A good way to cope with anything is to make sure you’re hydrated. Especially when traveling. You won’t be able to take that scenic hike, enjoy a night out, or even get a good night’s sleep when you’re dehydrated. It can take a long time to recover, so it’s best to stay on top of it. Here are a few ways we hydrate:

Drink more water than you think you need

I know you know this. But when I’m active about it I feel so much better. Take the water every time they offer it on a plane. If you get an alcoholic beverage, ask for water in addition to your booze. I don’t care if you have a window seat and don’t want to get up to go to the bathroom. Drink water and annoy your seatmates and feel better–offer to swap with them if they want to sleep. Airplane air and hotel air is super drying for a variety of reasons–less than 20% humidity in aircraft cabins says the World Health Organization (WHO)–and the food you get in those liminal spaces while traveling is likely to be very salty. 

Drink water when you first get up, and before you go to bed, even if you don’t want it. And keep water at hand throughout the night in case you wake up thirsty. Generally….”drink until you pee”–this is re-hydration advice I’ve heard from both nurses and boaters. Since I’m always hydrating, I also use restrooms whenever easily accessible even if I’m not bursting at the seams, and am always glad I did.

Fill your own bottle

Keep a reusable water bottle topped off at all times. Airports now often have the water bottle refill stations, and many countries (in Europe at least) have excellent, highly regulated tap water. Save money by just refilling from the tap. Here’s a list of countries where you can and can’t drink the tap water. We can vouch for the UK, Germany, and Iceland…their tap water is delicious with no off flavors (e.g., chlorine, etc.). I’m a fan of S’well bottles, which keep drinks cool or warm for an unbelievably long time. They’re a bit heavy though, so I like this Nomader collapsible water bottle when I need to save space and weight.

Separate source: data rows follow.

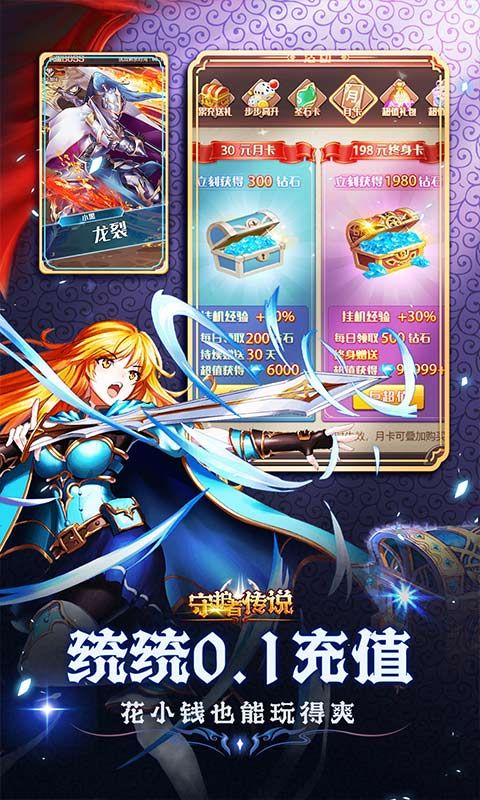 《守护者传说(01免费百抽英雄)》是一款日系二次元魔幻冒险手游,集挂机、卡牌、闯关,冒险,养成于一体的休闲挂机游戏,别出心裁的战棋挂机玩法必将带给各位勇士独特的游戏体验。在这个充满魔法与剑的幻想世界中,玩家将扮演一位勇敢的少年或少女,踏上一段充满挑战与奇遇的冒险旅程。游戏以精美的画面、丰富的剧情,多样的玩法,以及超多的福利!吸引着广大玩家前来体验!无需下载即可游戏内收集英雄,神装,神器,神兵,神龙,踏上英雄王的宝座吧!拔剑吧勇士!!!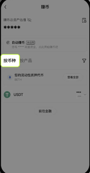 【按币种】 或【按产品 】 区选择活期简单赚币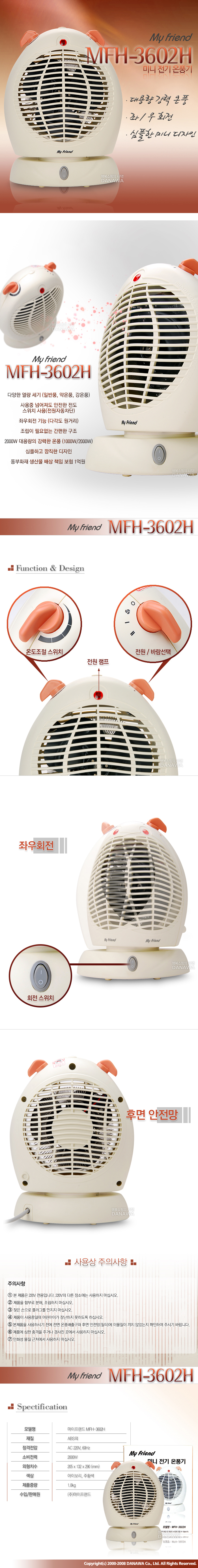 마이프랜드 신개념 좌우회전 열선히터 난방 미니 온풍기[MFH-3602H]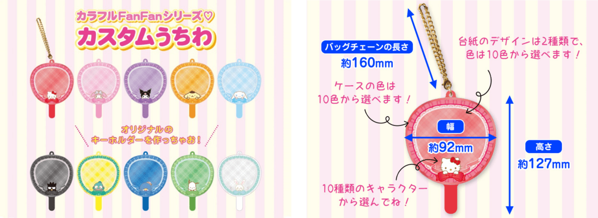 サンリオピューロランドにて、フタ・ケース・台紙の3つのパーツから組み合わせられる「カラフルFanFanシリーズ♡カスタムうちわ」のサービスがスタート!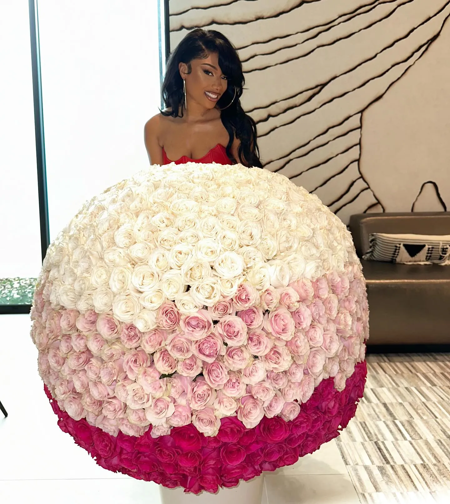 American rapper Megan Thee Stallion in the first decade of April 2024 receives an enormous bouquet of flowers. (Photo by theestallion/Instagram)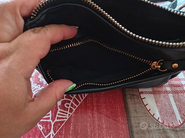 Borsetta nera, piccola da donna. Con tracolla, due vani, il più grande con due taschini interni. Cerniere perfette.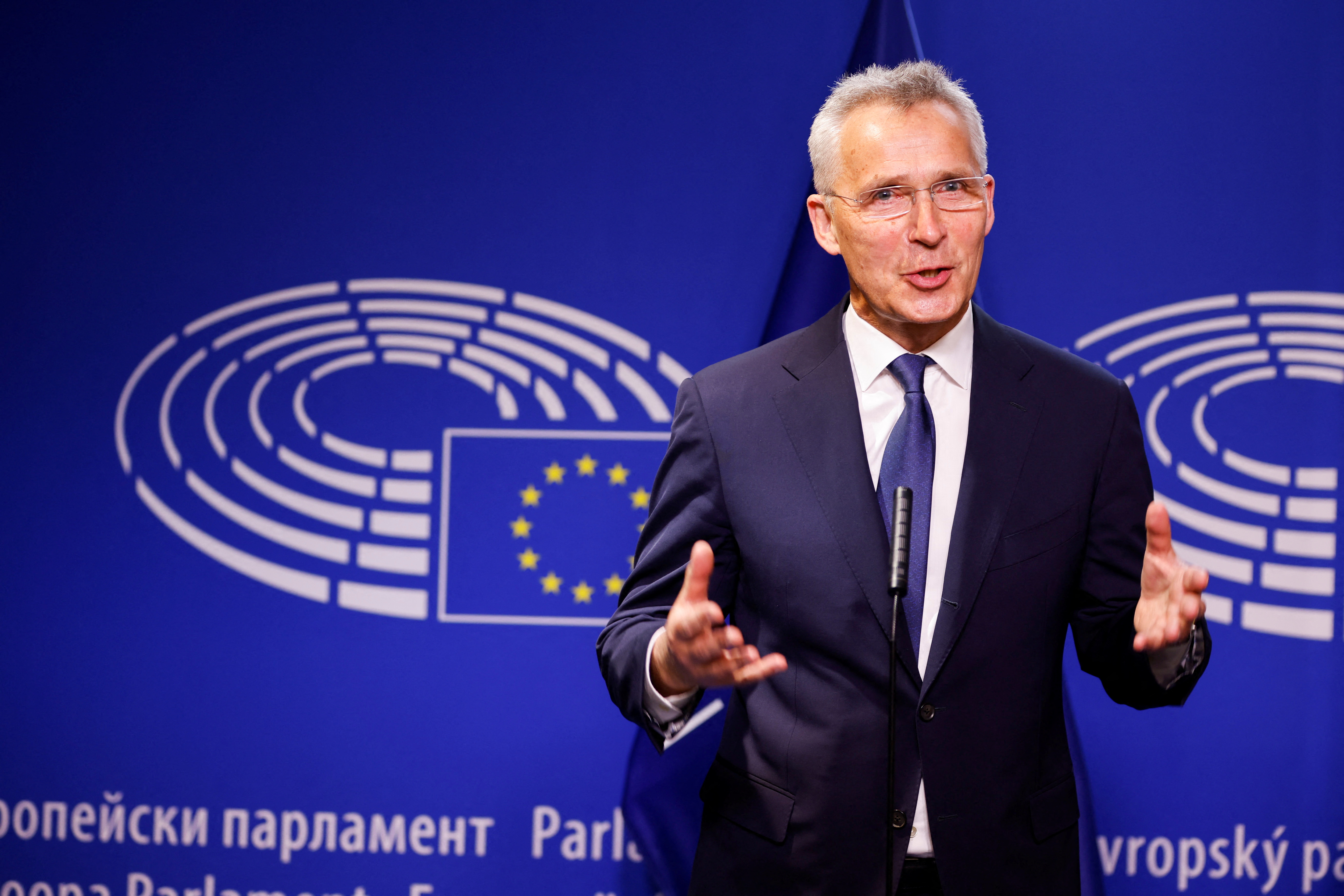 Jens Stoltenberg speaks during a news conference in Brussels, Belgium, on April 28, 2022.

Add some fun to your water

Add electrolytes tabs or packets, flavor drops, slices of citrus, herbs, or drink sparkling water–anything to make you drink more, if you’re not a plain water fan. You can also try non-dehydrating beverages to shake things up…decaffeinated coffee or tea, kombucha and coconut water to name a few. You can also eat your water (e.g., soup, and fruits and veggies like watermelon or celery.).

Drink smart

Be careful with your alcohol consumption, especially when combined with jet lag. Wine, beer, and spirits are often plentiful and cheap outside the U.S., and other cultures are more relaxed about their consumption, so it can be easy to get carried away. Take at least a vitamin C beforehand if you plan to drink, and hydrate with water along with your booze. Drink with a buddy and/or keep your eyes peeled. Ne’er do wells are experts at taking advantage of drunk tourists. Seeing the sights of a new place is intoxicating in its own way, so try to lay off the sauce. You’ll remember more if you’re not drunk, and you’ll fully enjoy your journey. 

Have you got any favorite hydration tips? Let us know!


When I’m not traveling, part of my daily hydration routine includes keeping a huge half gallon (64oz) Mason jar of water on my desk which I use to refill a drinking glass throughout the day. This is a great visual reminder of the amount of water I need to work through.